Copy all the records word for word, apart from any pictures.

=== Section Start ===

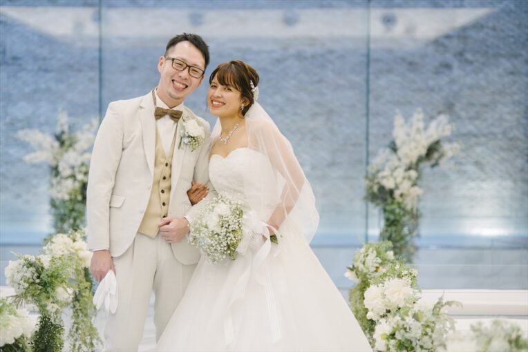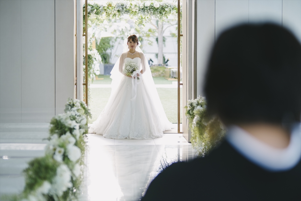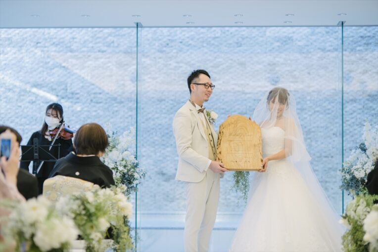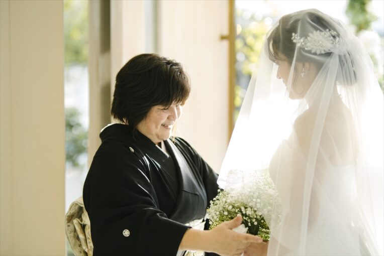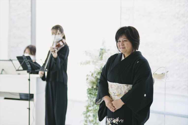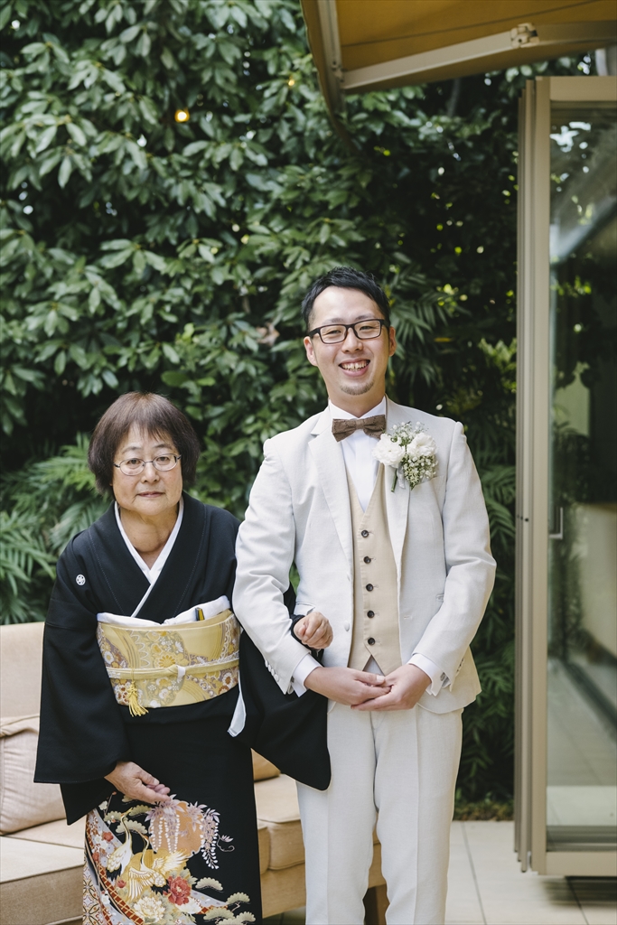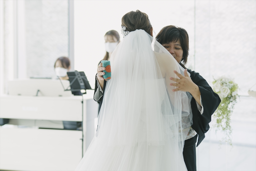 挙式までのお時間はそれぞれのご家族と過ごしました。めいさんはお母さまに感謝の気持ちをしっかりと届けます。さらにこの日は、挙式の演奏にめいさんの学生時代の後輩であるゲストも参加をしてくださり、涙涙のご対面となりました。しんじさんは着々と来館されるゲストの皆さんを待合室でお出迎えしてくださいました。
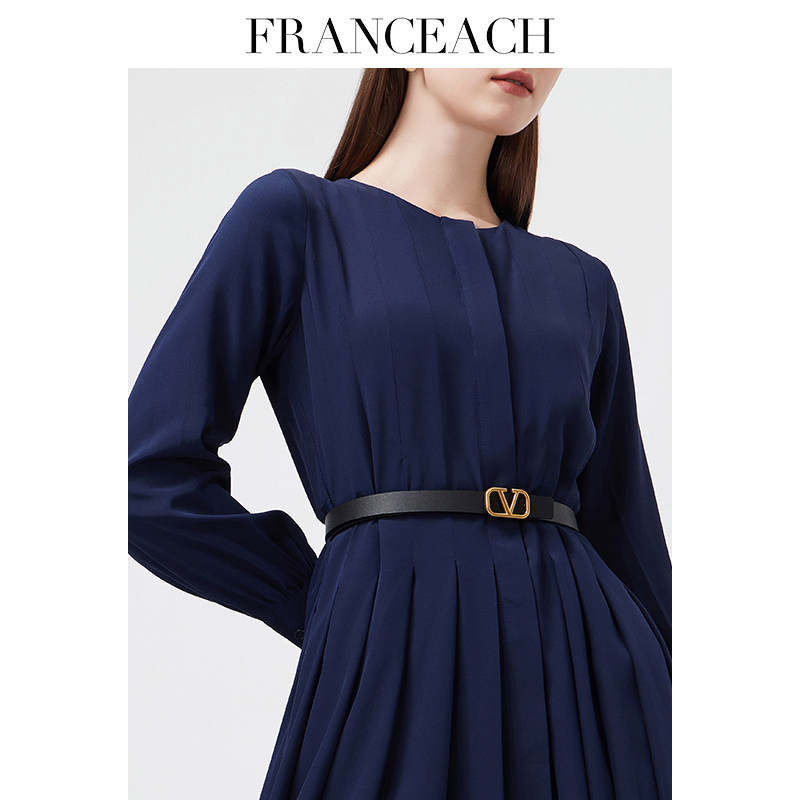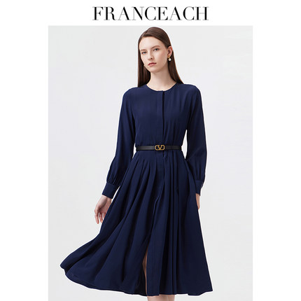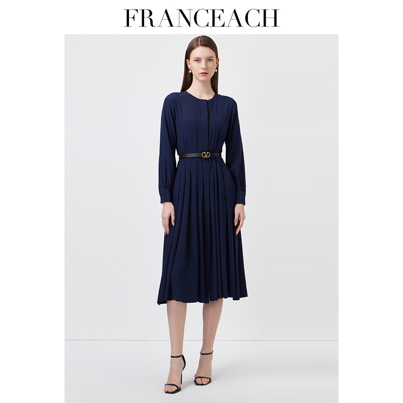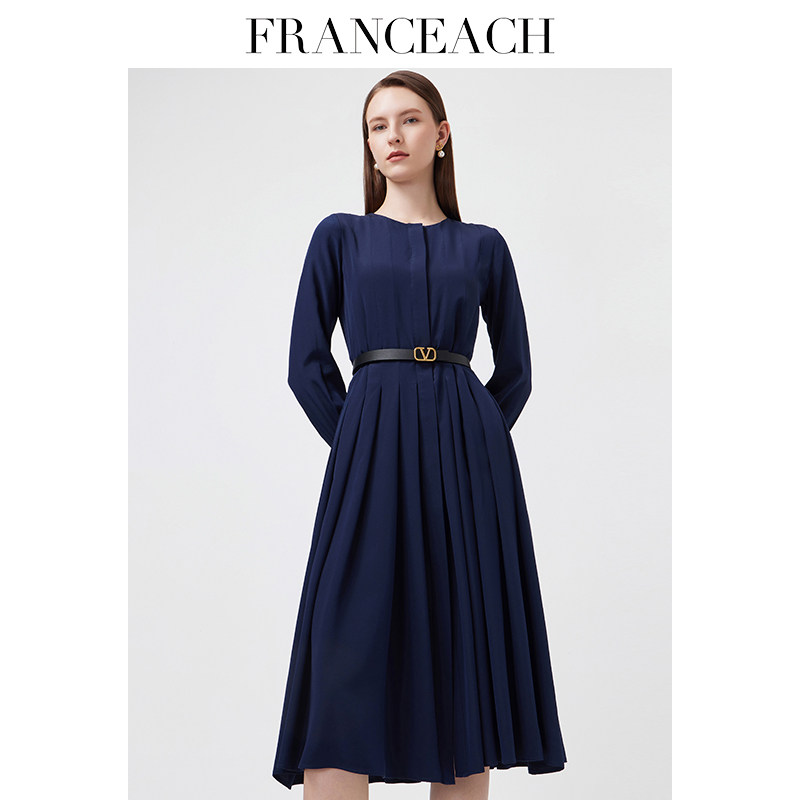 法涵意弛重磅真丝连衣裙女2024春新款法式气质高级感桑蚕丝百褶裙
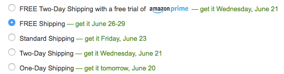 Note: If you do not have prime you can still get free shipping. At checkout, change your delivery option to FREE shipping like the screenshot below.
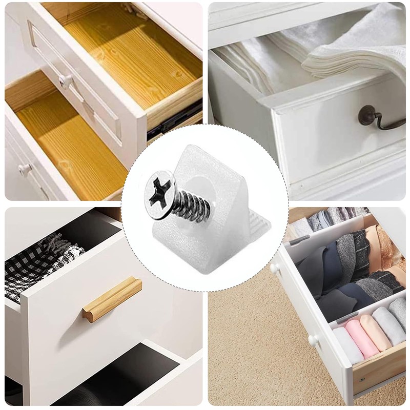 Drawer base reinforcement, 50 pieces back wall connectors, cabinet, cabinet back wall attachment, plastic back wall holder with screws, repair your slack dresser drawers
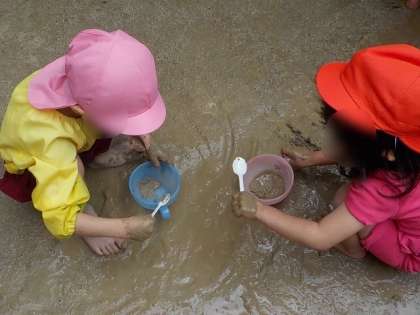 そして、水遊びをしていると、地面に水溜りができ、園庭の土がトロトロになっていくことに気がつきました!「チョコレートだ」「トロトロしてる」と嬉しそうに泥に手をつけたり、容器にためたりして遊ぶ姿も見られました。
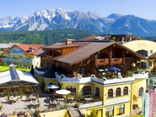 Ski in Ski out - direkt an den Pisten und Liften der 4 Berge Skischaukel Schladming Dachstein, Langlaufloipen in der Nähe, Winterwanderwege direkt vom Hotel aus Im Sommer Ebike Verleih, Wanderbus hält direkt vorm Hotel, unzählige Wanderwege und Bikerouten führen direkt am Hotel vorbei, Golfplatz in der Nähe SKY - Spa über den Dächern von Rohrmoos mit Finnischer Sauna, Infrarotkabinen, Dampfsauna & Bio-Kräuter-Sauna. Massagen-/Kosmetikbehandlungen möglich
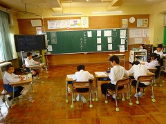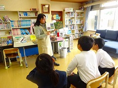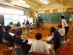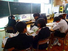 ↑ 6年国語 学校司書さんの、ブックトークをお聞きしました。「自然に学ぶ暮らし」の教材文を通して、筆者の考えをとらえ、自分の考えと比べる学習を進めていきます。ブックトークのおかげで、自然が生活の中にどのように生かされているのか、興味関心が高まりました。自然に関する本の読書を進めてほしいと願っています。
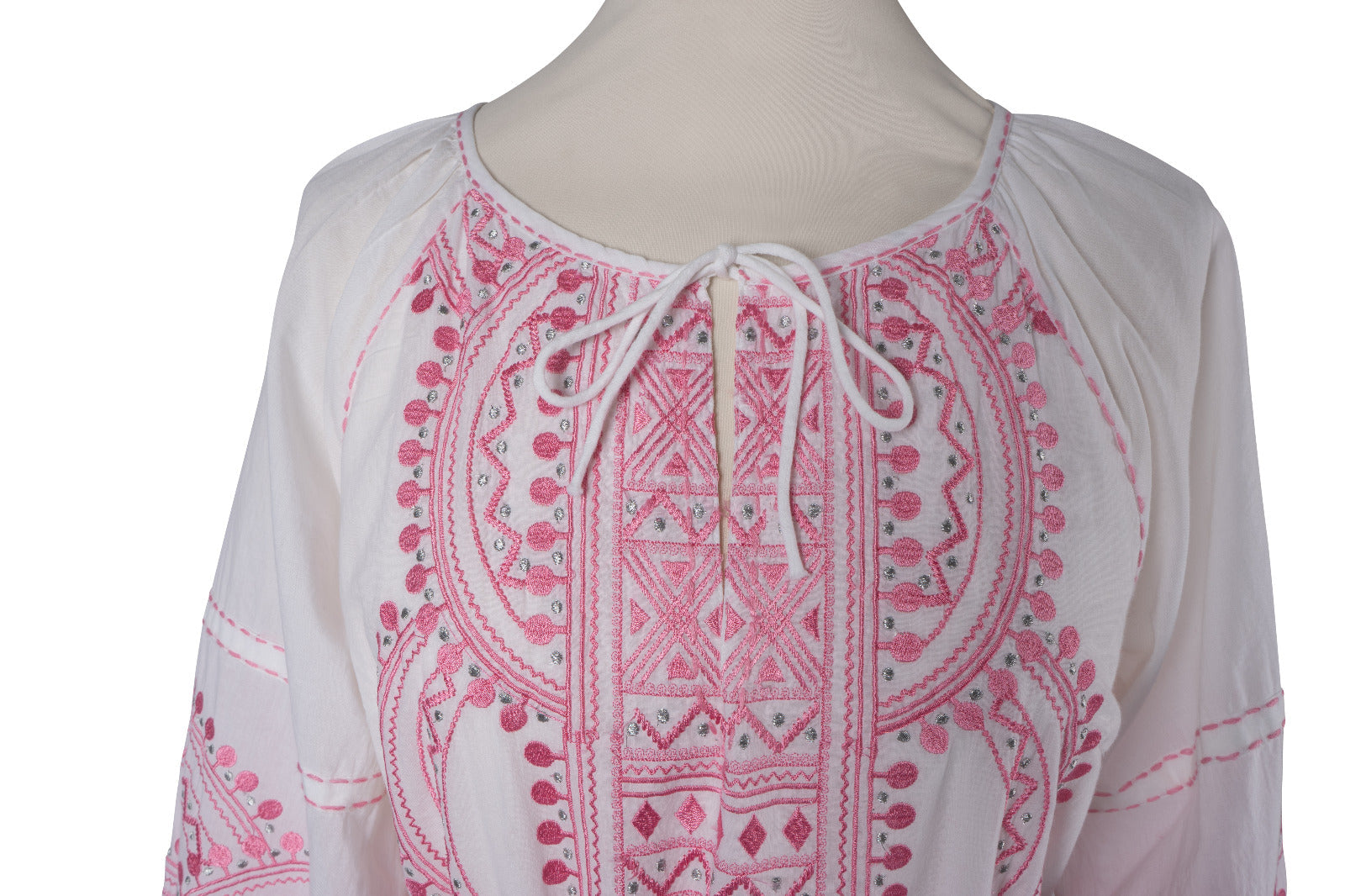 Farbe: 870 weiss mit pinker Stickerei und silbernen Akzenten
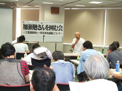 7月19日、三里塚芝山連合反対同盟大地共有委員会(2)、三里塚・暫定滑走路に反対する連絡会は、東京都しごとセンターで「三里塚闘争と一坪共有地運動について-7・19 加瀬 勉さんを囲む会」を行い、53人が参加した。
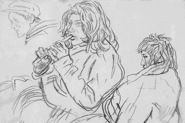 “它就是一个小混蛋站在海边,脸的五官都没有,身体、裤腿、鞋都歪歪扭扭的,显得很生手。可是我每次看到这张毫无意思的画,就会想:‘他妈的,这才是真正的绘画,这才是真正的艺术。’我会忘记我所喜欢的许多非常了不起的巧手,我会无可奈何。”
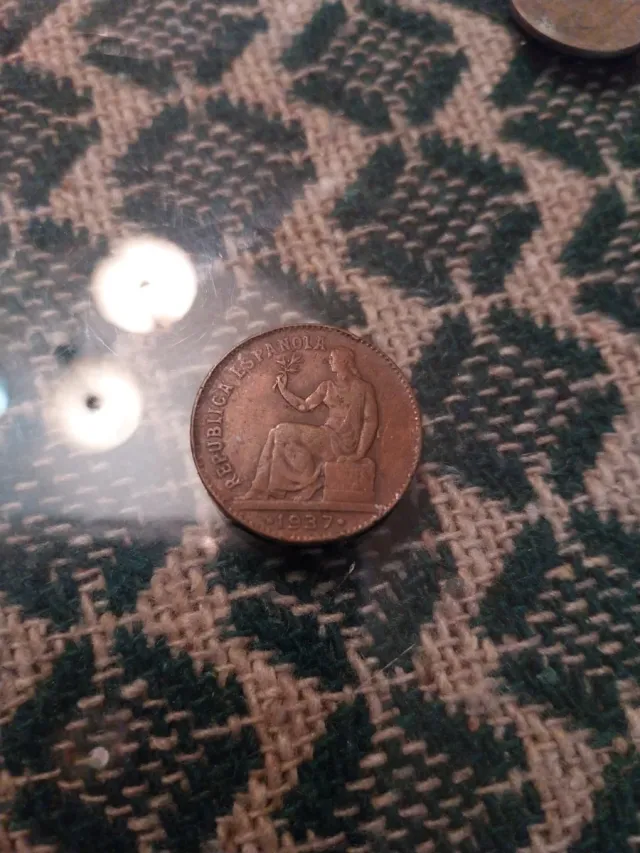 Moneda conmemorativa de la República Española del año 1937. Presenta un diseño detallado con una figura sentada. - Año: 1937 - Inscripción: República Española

=== Section End ===

## SOLVED PROBLEM
 挙式までのお時間はそれぞれのご家族と過ごしました。めいさんはお母さまに感謝の気持ちをしっかりと届けます。さらにこの日は、挙式の演奏にめいさんの学生時代の後輩であるゲストも参加をしてくださり、涙涙のご対面となりました。しんじさんは着々と来館されるゲストの皆さんを待合室でお出迎えしてくださいました。
 法涵意弛重磅真丝连衣裙女2024春新款法式气质高级感桑蚕丝百褶裙
 Note: If you do not have prime you can still get free shipping. At checkout, change your delivery option to FREE shipping like the screenshot below.
 Drawer base reinforcement, 50 pieces back wall connectors, cabinet, cabinet back wall attachment, plastic back wall holder with screws, repair your slack dresser drawers
 そして、水遊びをしていると、地面に水溜りができ、園庭の土がトロトロになっていくことに気がつきました!「チョコレートだ」「トロトロしてる」と嬉しそうに泥に手をつけたり、容器にためたりして遊ぶ姿も見られました。
 Ski in Ski out - direkt an den Pisten und Liften der 4 Berge Skischaukel Schladming Dachstein, Langlaufloipen in der Nähe, Winterwanderwege direkt vom Hotel aus Im Sommer Ebike Verleih, Wanderbus hält direkt vorm Hotel, unzählige Wanderwege und Bikerouten führen direkt am Hotel vorbei, Golfplatz in der Nähe SKY - Spa über den Dächern von Rohrmoos mit Finnischer Sauna, Infrarotkabinen, Dampfsauna & Bio-Kräuter-Sauna. Massagen-/Kosmetikbehandlungen möglich
 ↑ 6年国語 学校司書さんの、ブックトークをお聞きしました。「自然に学ぶ暮らし」の教材文を通して、筆者の考えをとらえ、自分の考えと比べる学習を進めていきます。ブックトークのおかげで、自然が生活の中にどのように生かされているのか、興味関心が高まりました。自然に関する本の読書を進めてほしいと願っています。
 Farbe: 870 weiss mit pinker Stickerei und silbernen Akzenten
 7月19日、三里塚芝山連合反対同盟大地共有委員会(2)、三里塚・暫定滑走路に反対する連絡会は、東京都しごとセンターで「三里塚闘争と一坪共有地運動について-7・19 加瀬 勉さんを囲む会」を行い、53人が参加した。
 “它就是一个小混蛋站在海边,脸的五官都没有,身体、裤腿、鞋都歪歪扭扭的,显得很生手。可是我每次看到这张毫无意思的画,就会想:‘他妈的,这才是真正的绘画,这才是真正的艺术。’我会忘记我所喜欢的许多非常了不起的巧手,我会无可奈何。”
 Moneda conmemorativa de la República Española del año 1937. Presenta un diseño detallado con una figura sentada. - Año: 1937 - Inscripción: República Española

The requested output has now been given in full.